> _Required action_: Once you find the line below that has "カレーライスを食べる子供たち", output it and every line after it exactly, stopping after the line that has "Pour trier votre", with no pictures.

> _Dataset section_:
· · ·

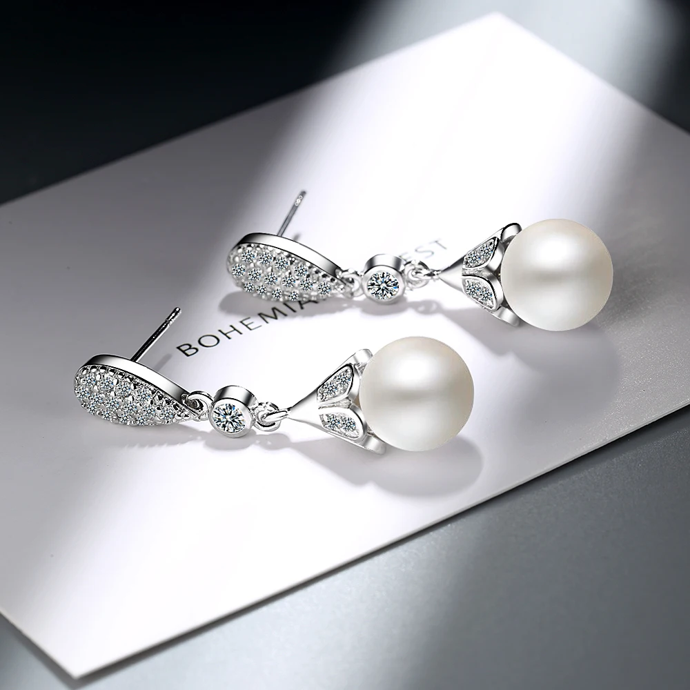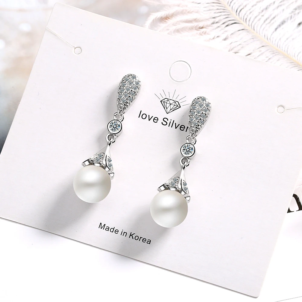 Fleepmart 925 sterling silver Pearl Jewelry natural freshwater pearl drop earrings for women Silver Wedding Dangle Earring
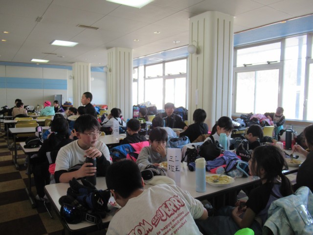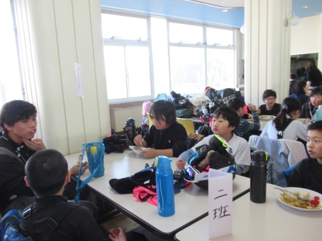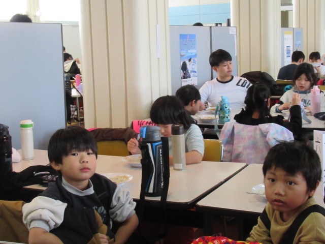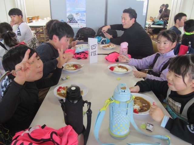 カレーライスを食べる子供たちは元気でした。午前の練習を終えた班から食べるので、もう食べ終えて暇そうな様子の子供たちも…。
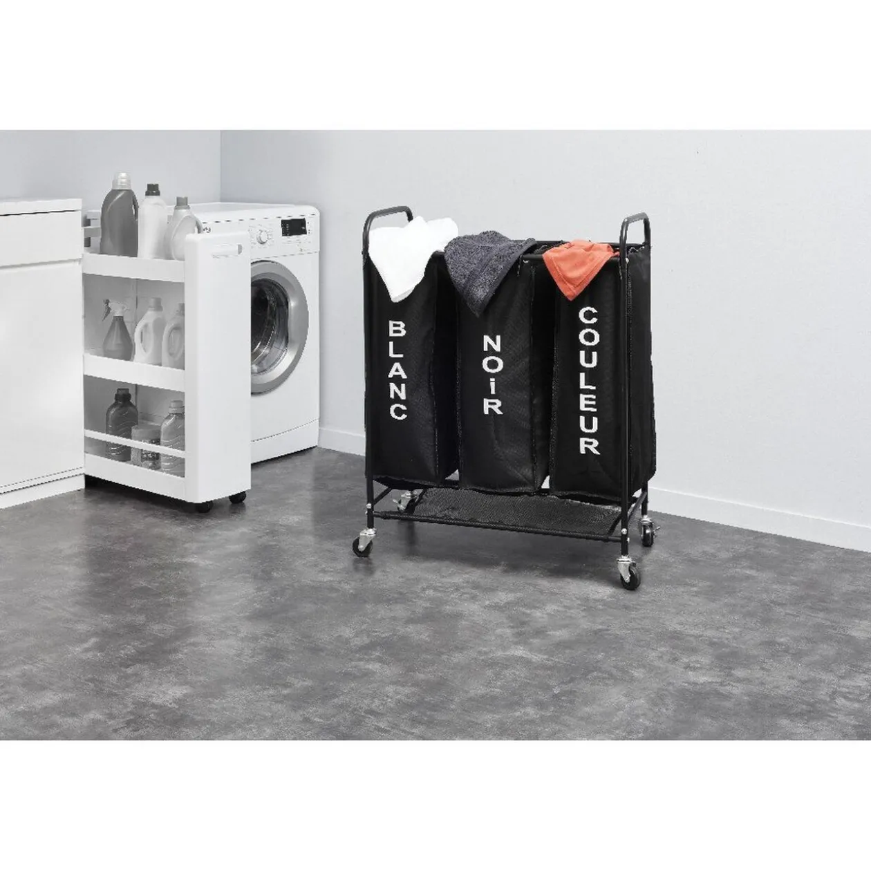 Pour trier votre linge sans vous fatiguer, ce chariot à roulettes contient 3 panières amovibles. Une panière pour le noir, une pour le blanc et une pour les couleurs. C’est indiqué dessus et vous n’avez plus qu’à jeter votre linge dedans. Déplacez le chariot aisément grâce aux freins intégrès.
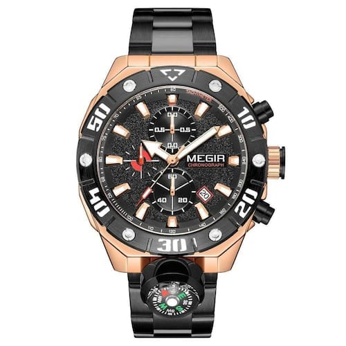 Marca: MEGIRGênero: HomensExibição: Analógico, Cronógrafo3ATM/30M resistente à água (não suporta banho, natação e mergulho)Case Material:Zinc Alloy CaseMovimento: Movimento QuartzMaterial Band: AçoProcesso diâmetro: 46mmCaso espessura: 13,6 milímetrosBanda Largura: 22mmComprimento total: 220mmPeso neto: 180gundefinedPacote incluído:- 1undefinedX MEGIRundefinedRelógios-undefinedundefinedundefinedundefinedundefinedundefinedundefinedundefinedundefinedundefinedundefined

· · ·

> _Answer space_:
 カレーライスを食べる子供たちは元気でした。午前の練習を終えた班から食べるので、もう食べ終えて暇そうな様子の子供たちも…。
 Pour trier votre linge sans vous fatiguer, ce chariot à roulettes contient 3 panières amovibles. Une panière pour le noir, une pour le blanc et une pour les couleurs. C’est indiqué dessus et vous n’avez plus qu’à jeter votre linge dedans. Déplacez le chariot aisément grâce aux freins intégrès.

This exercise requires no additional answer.